SOURCE MATERIAL |
==============================
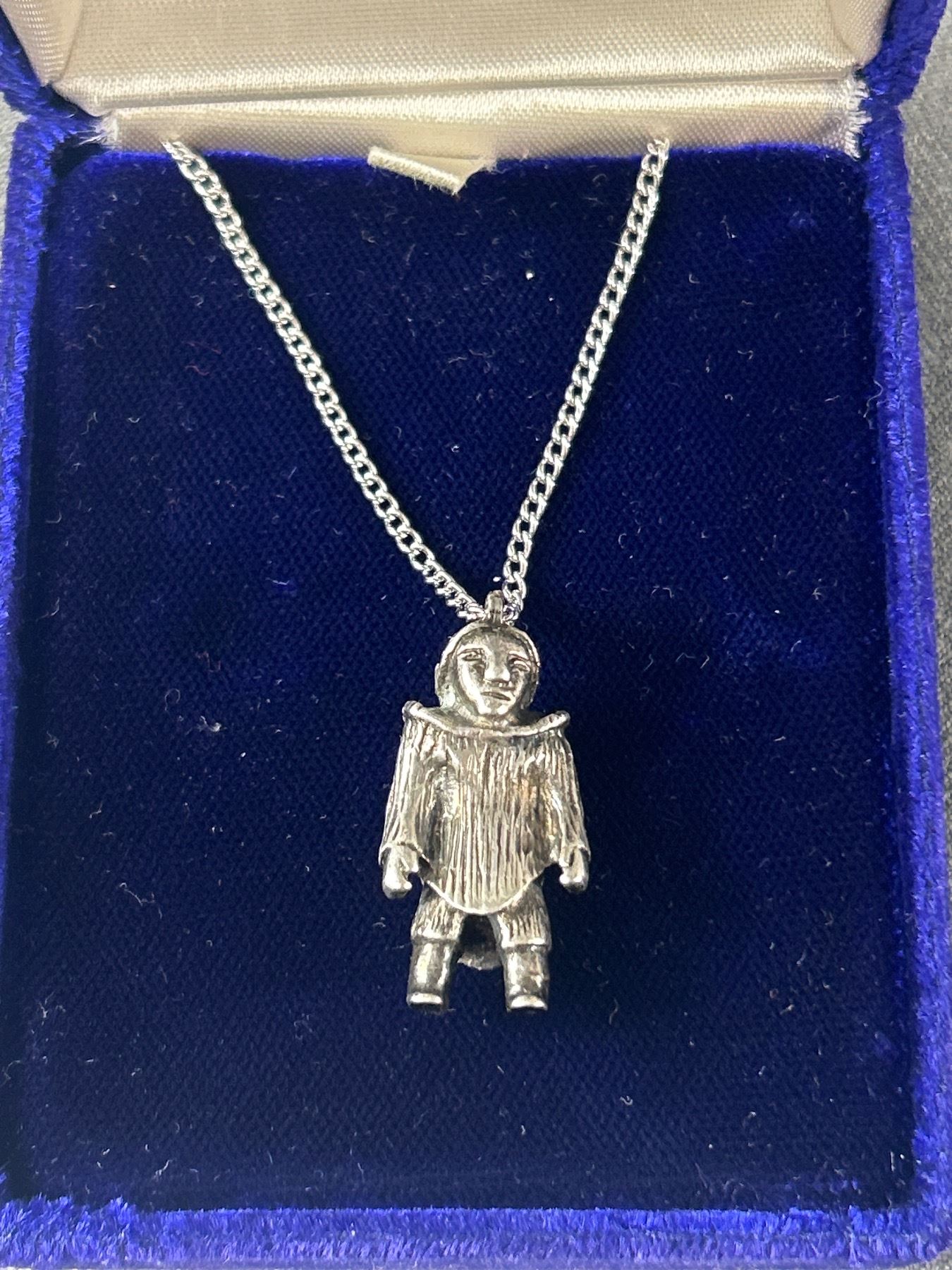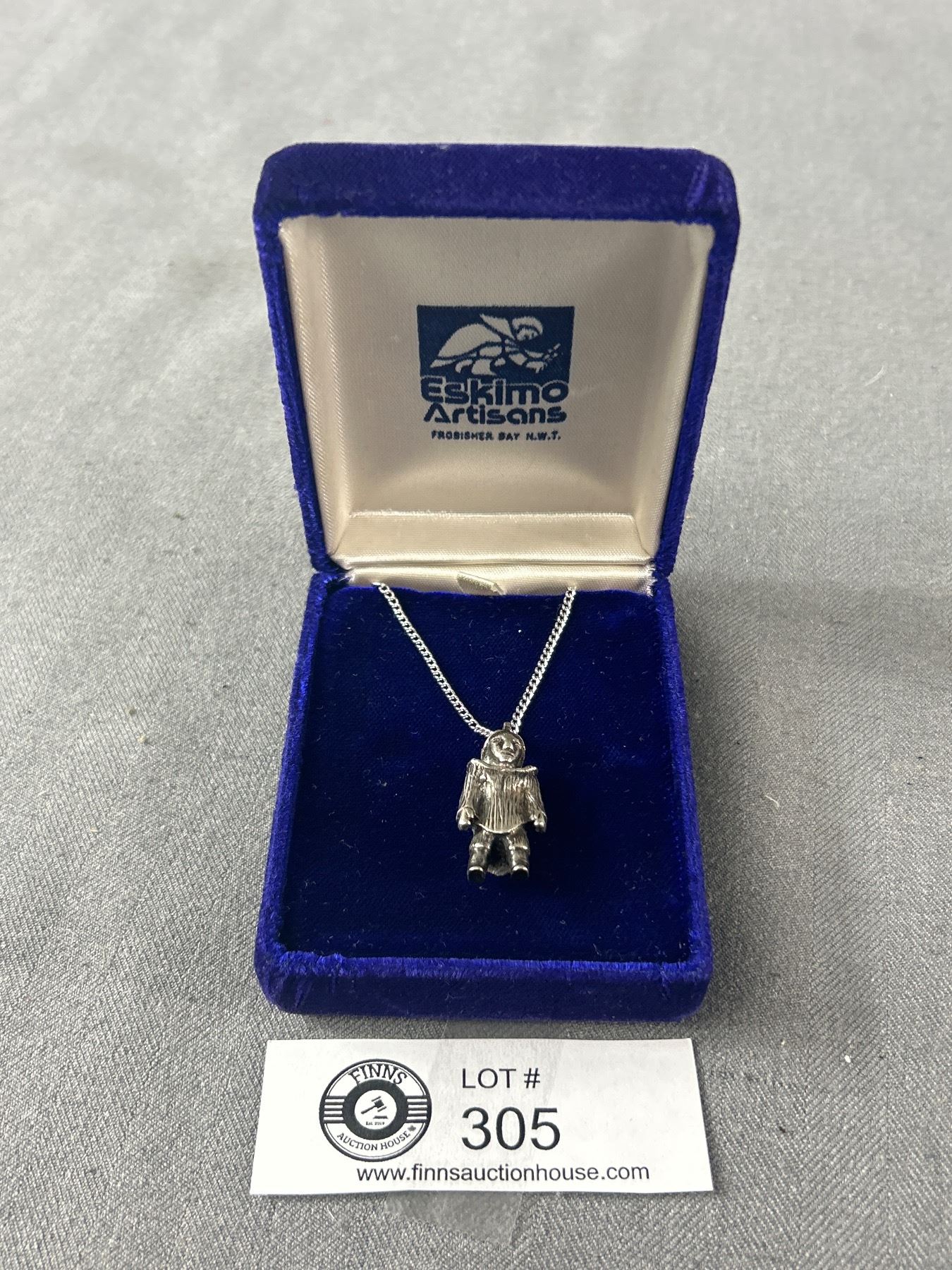 Vintage "Eskimo Artisans" NWT Necklace Marked STG SNA & Inuit Pendant Marked Sterling
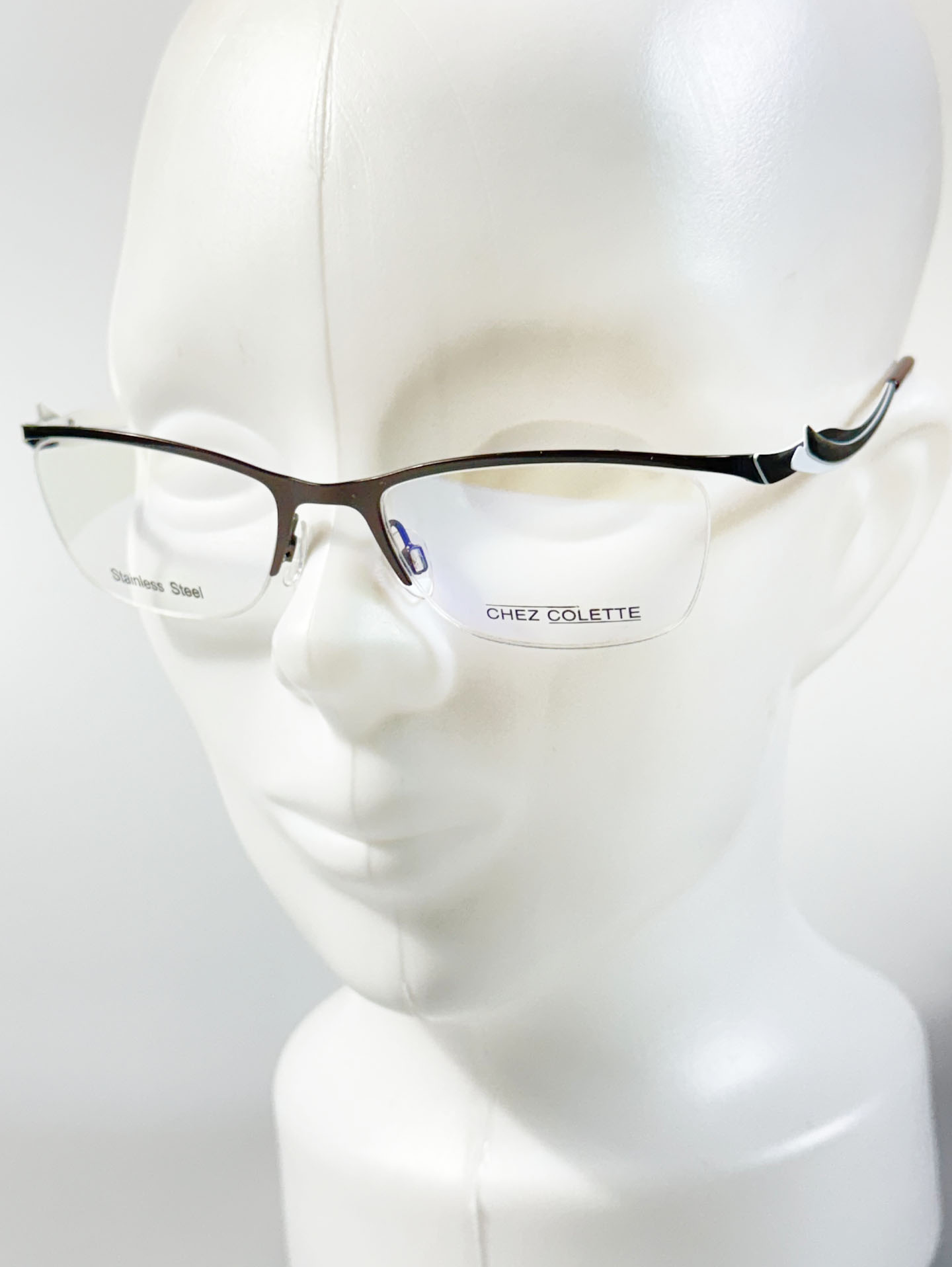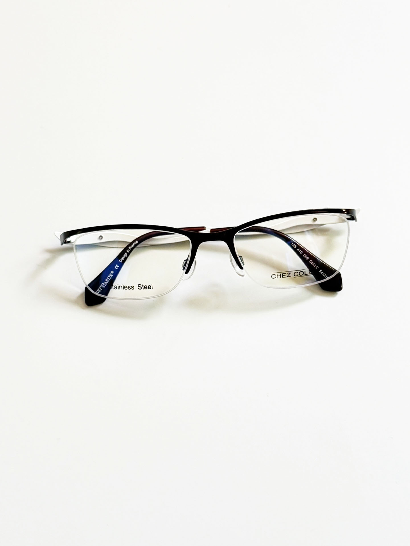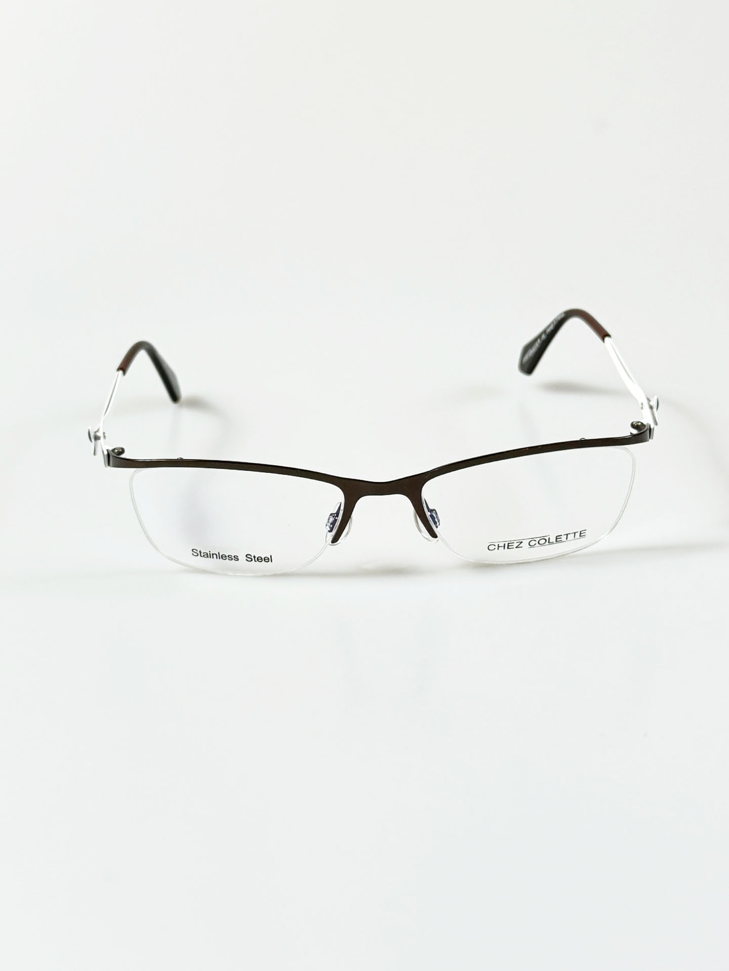 CHEZ COLETTE Square Metal Half-Rim Frame Glasses
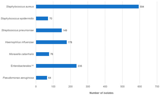 The gender ratio of the patients was approximately equal. The majority of patients belonged to the ≤1 year age group, followed by 60- to 79-year-olds. Overall, just over half of the patients were younger than 10 years, with a median age of 3 years. This distribution was in accordance with previous studies. The type of infection was documented in 43.3% of cases. Of the 774 patients, approximately 84% had conjunctivitis or keratoconjunctivitis (Table S1). The most frequently isolated pathogenic species was S. aureus, followed by H. influenzae and S. pneumoniae (Figure 2; Table S1).
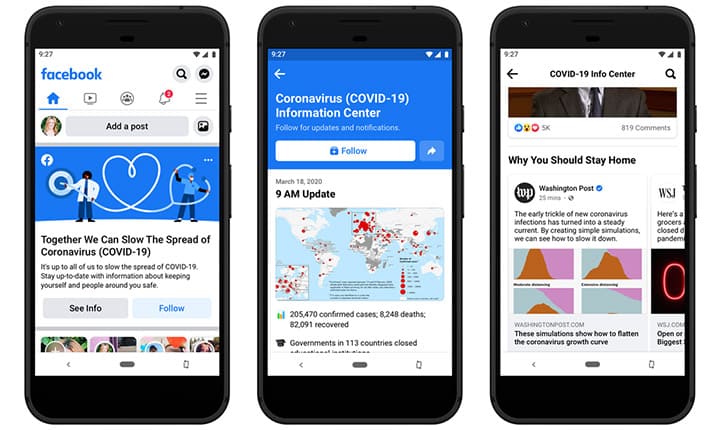 Pusat informasi Corona Facebook bisa ditemukan oleh para pengguna di bagian paling atas dari news feed. Semua berita yang tampil di news feed akan bertahan selama 24 jam, dan sudah tersedia untuk para pengguna yang berada di AS, Inggris, Jerman, Italia, Perancis, dan Spanyol.
==============================
WHAT TO WORK ON | Lines from the one with "The gender ratio" through the final line of the listing above: copy them exactly, both ends included, and omit every picture.

RESULT |
 The gender ratio of the patients was approximately equal. The majority of patients belonged to the ≤1 year age group, followed by 60- to 79-year-olds. Overall, just over half of the patients were younger than 10 years, with a median age of 3 years. This distribution was in accordance with previous studies. The type of infection was documented in 43.3% of cases. Of the 774 patients, approximately 84% had conjunctivitis or keratoconjunctivitis (Table S1). The most frequently isolated pathogenic species was S. aureus, followed by H. influenzae and S. pneumoniae (Figure 2; Table S1).
 Pusat informasi Corona Facebook bisa ditemukan oleh para pengguna di bagian paling atas dari news feed. Semua berita yang tampil di news feed akan bertahan selama 24 jam, dan sudah tersedia untuk para pengguna yang berada di AS, Inggris, Jerman, Italia, Perancis, dan Spanyol.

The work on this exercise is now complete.